(750 ILCS 5/610) (from Ch. 40, par. 610)
Sec. 610. Modification.
(a) Unless by stipulation of the parties or except as provided in subsection (a‑5), no motion
to modify a custody judgment may be made earlier than 2 years after its
date, unless the court permits it to be made on the basis of affidavits
that there is reason to believe the child's present environment may endanger
seriously his physical, mental, moral or emotional health.
(a‑5) A motion to modify a custody judgment may be made at any time by a party who has been informed of the existence of facts requiring notice to be given under Section 609.5.
(b) The court shall not modify a prior custody judgment unless it finds by
clear and convincing evidence, upon the basis of facts that have arisen since
the prior judgment or that were unknown to the court at the time of entry of
the prior judgment, that a change has occurred in the circumstances of the
child or his custodian, or in the case of a joint custody arrangement that a
change has occurred in the circumstances of the child or either or both parties
having custody, and that the modification is necessary to serve the best
interest of the child. The existence of facts requiring notice to be given under Section 609.5 of this Act shall be considered a change in circumstance. In the case of joint custody, if the parties agree to a
termination of a joint custody arrangement, the court shall so terminate the
joint custody and make any modification which is in the child's best interest.

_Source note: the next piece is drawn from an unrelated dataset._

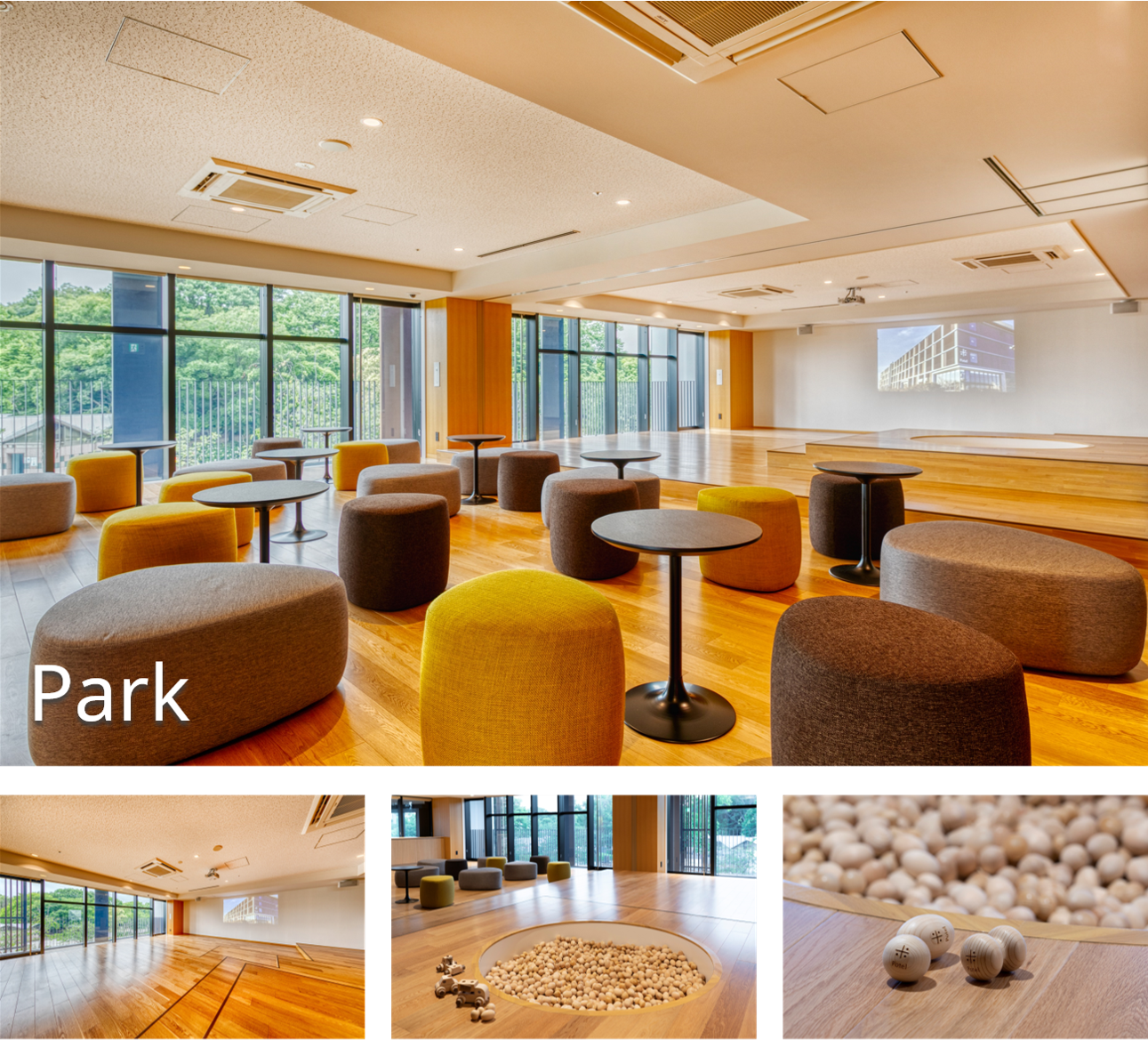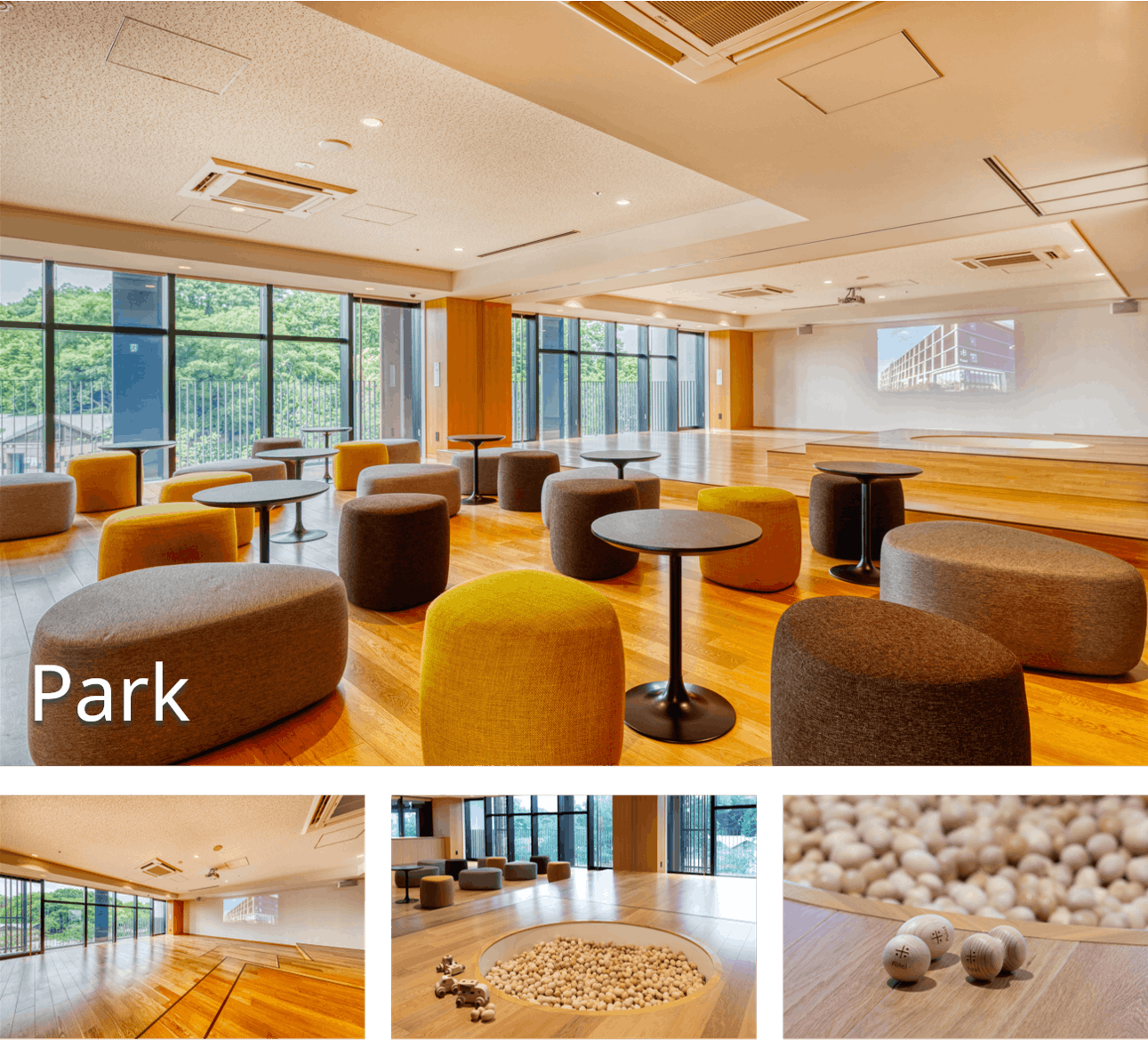 Potelの中にParkを作りました。お子様が日差しを気にせず遊べたり、京都シネマさんと一緒に小さな上映会を開催したり、色々な遊びが楽しめる場所。

The court shall state in its decision specific findings of fact in support of
its modification or termination of joint custody if either parent opposes the
modification or termination.
(c) Attorney fees and costs shall be assessed against a party seeking
modification if the court finds that the modification action is vexatious
and constitutes harassment.
(d) Notice under this Section shall be given as provided in
subsections (c) and (d) of Section 601.